Cure-ious, how does that compare with palbo/ibrance for area of most benefit?

Good question if Ibrance is less effective on bone mets than organ mets?, what I read was the clinical trial results for Abemaciclib, and they didn't mention how that compares to Palbo- I think it was striking because they said for patients with bone-only mets in their trial, the improvement was not even statistically significant, so Abemaciclib appears to be working best on the organ mets.

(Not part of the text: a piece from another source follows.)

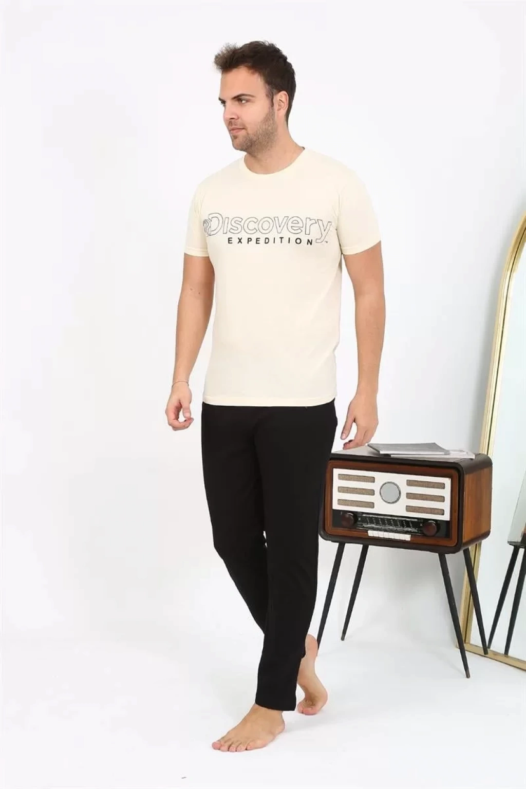 Moda Erkek Pamuk Kısa Kol Pijama Takım Vizon
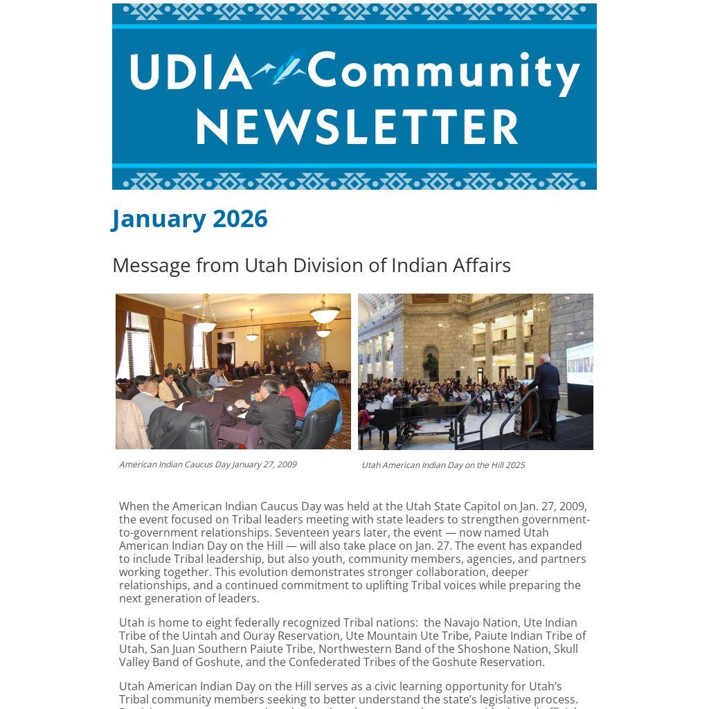 The views, thoughts, and opinions expressed by third-party organizations in this newsletter do not necessarily reflect those of the Utah Division of Indian Affairs. Links to external organizations or resources are provided for information only and should not be interpreted as endorsements or official positions of the Division.

Ibrance (palbociclib) with Letrozole failed me (after about a year) but I was able to move onto Kisqali (ribociclib) with a new oral SERD (LSZ102) in a clinical trial.  My oncologist who is the principal research doctor for the study at Mass General (MGH) has already mentioned that if this protocol fails me that I still have the option to move on to Abemaciclib.  If I end up on Abemaciclib then I will have been on all 3 CDK 4/6 inhibitors (with different anti hormonals).  I think that since I'm part of the clinical trial I don't have to go through the same approval process with insurance but I'm not sure.  I guess I'll find out.  so it is interesting that having failed on one CDK 4/6 inhibitor doesn't necessarily mean you can't try the others.  

Hi All. Just jumping in to read your comments. Ibrance failed me and I can't take Kisquali because of an irregular heart rhythm so I am looking at Abemaciclib. The articles were very helpful Husband.

I wanted to take it cause Ibrance stopped working for me and my OC said it's another name for Ibrance . I am trying everything within my power to stay away from chemo

kisquali is the same as ibrance, mostly.

abemacilib is significantly different.

>Z<

LMWL - Praying for a great outcome. Please stop by with updates. It's very nice to be back on the same thread with you. I hope to chatting about your wife's continued strong response to this treatment for a long time.

>Z<

WorkingMom: sorry you are out of the trial. I was never qualified for that trial in October ,2017 because of prior medical history. However you did have a stable result for 16 months, congratulations! It looks like you still have a lot options in your treatments! Good luck on your next treatment

I have been treated in Start center since September 2010.. maybe we have crossed each other in the waiting room sometimes.